[<prev] [next>] [<thread-prev] [thread-next>] [day] [month] [year] [list]
Message-ID: <90051606-1883-7dc7-fe4f-3bb135e816ae@solarflare.com>
Date: Wed, 30 Jan 2019 17:33:14 +0000
From: Edward Cree <ecree@...arflare.com>
To: Ivan Babrou <ivan@...udflare.com>, <netdev@...r.kernel.org>
CC: "David S. Miller" <davem@...emloft.net>,
Eric Dumazet <edumazet@...gle.com>,
Ignat Korchagin <ignat@...udflare.com>,
Shawn Bohrer <sbohrer@...udflare.com>,
Jakub Sitnicki <jakub@...udflare.com>
Subject: Re: Crashes in skb clone/allocation in 4.19.18
On 30/01/19 16:51, Ivan Babrou wrote:
> Hey,
>
> We've upgraded some machines from 4.19.13 to 4.19.18 and some of them
> crashed with the following:
>
> [ 2313.192006] general protection fault: 0000 [#1] SMP PTI
> [ 2313.205924] CPU: 32 PID: 65437 Comm: nginx-fl Tainted: G
> O 4.19.18-cloudflare-2019.1.8 #2019.1.8
> [ 2313.224973] Hardware name: Quanta Computer Inc.
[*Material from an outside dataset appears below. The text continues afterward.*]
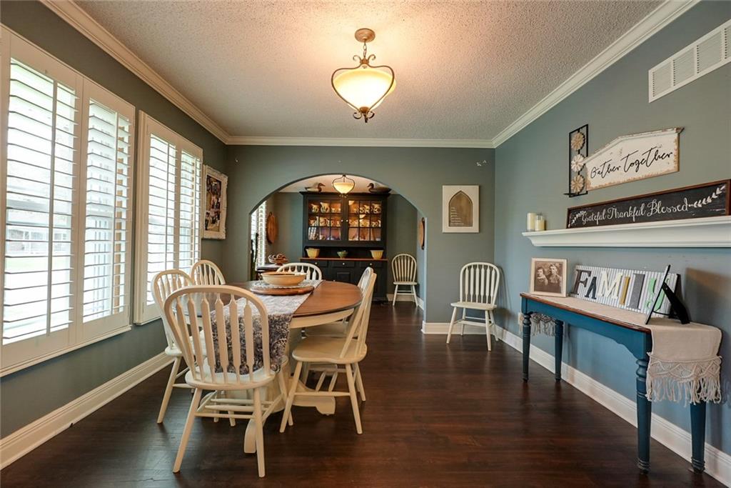 Dining space featuring rich wood-finish flooring, white crown molding, and plantation shutters

QuantaPlex
> T41S-2U/S2S-MB, BIOS S2S_3B10.03 06/21/2018
> [ 2313.243400] RIP: 0010:kmem_cache_alloc_node+0x178/0x1f0
> [ 2313.257768] Code: 89 fa 4c 89 f6 e8 68 40 a1 00 4c 8b 55 00 58 4d
> 85 d2 75 d6 e9 6f ff ff ff 41 8b 59 20 48 8d 4a 01 4c 89 f8 49 8b 39
> 4c 01 fb <48> 33 1b 49 33 99 38 01 00 00 65 48 0f c7 0f 0f 94 c0 84 c0
> 0f 84
> [ 2313.295550] RSP: 0000:ffff94457f903b48 EFLAGS: 00010202
> [ 2313.310352] RAX: 08b82daf1f57da0e RBX: 08b82daf1f57da0e RCX: 00000000005ff72d
> [ 2313.327189] RDX: 00000000005ff72c RSI: 0000000000480220 RDI: 0000000000026e40
> [ 2313.344029] RBP: ffff94457f04d680 R08: ffff94457f926e40 R09: ffff94457f04d680
> [ 2313.360912] R10: 000004ce652a0026 R11: 0000000000000000 R12: 0000000000480220
> [ 2313.377857] R13: 00000000ffffffff R14: ffffffffb1ab3ab7 R15: 08b82daf1f57da0e
> [ 2313.394820] FS: 00007fdea755c780(0000) GS:ffff94457f900000(0000)
> knlGS:0000000000000000
> [ 2313.412887] CS: 0010 DS: 0000 ES: 0000 CR0: 0000000080050033
> [ 2313.428581] CR2: 000055acc3cf517b CR3: 000000201b1ea003 CR4: 00000000003606e0
> [ 2313.445753] DR0: 0000000000000000 DR1: 0000000000000000 DR2: 0000000000000000
> [ 2313.462843] perf: interrupt took too long (8028 > 7291), lowering
> kernel.perf_event_max_sample_rate to 24000
> [ 2313.462867] DR3: 0000000000000000 DR6: 00000000fffe0ff0 DR7: 0000000000000400
> [ 2313.500216] Call Trace:
> [ 2313.512833] <IRQ>
> [ 2313.524748] __alloc_skb+0x57/0x1d0
> [ 2313.537934] __tcp_send_ack.part.48+0x2f/0x100
> [ 2313.551845] tcp_rcv_established+0x550/0x640
> [ 2313.565394] tcp_v4_do_rcv+0x12a/0x1e0
> [ 2313.578322] tcp_v4_rcv+0xadc/0xbd0
> [ 2313.590993] ip_local_deliver_finish+0x5d/0x1d0
> [ 2313.604727] ip_local_deliver+0x6b/0xe0
> [ 2313.617782] ? ip_sublist_rcv+0x200/0x200
> [ 2313.630415] perf: interrupt took too long (10040 > 10035), lowering
> kernel.perf_event_max_sample_rate to 19000
> [ 2313.630948] ip_rcv+0x52/0xd0
> [ 2313.662850] ? ip_rcv_core.isra.22+0x2b0/0x2b0
> [ 2313.662857] __netif_receive_skb_one_core+0x52/0x70
> [ 2313.690860] netif_receive_skb_internal+0x34/0xe0
> [ 2313.690883] efx_rx_deliver+0x11a/0x180 [sfc]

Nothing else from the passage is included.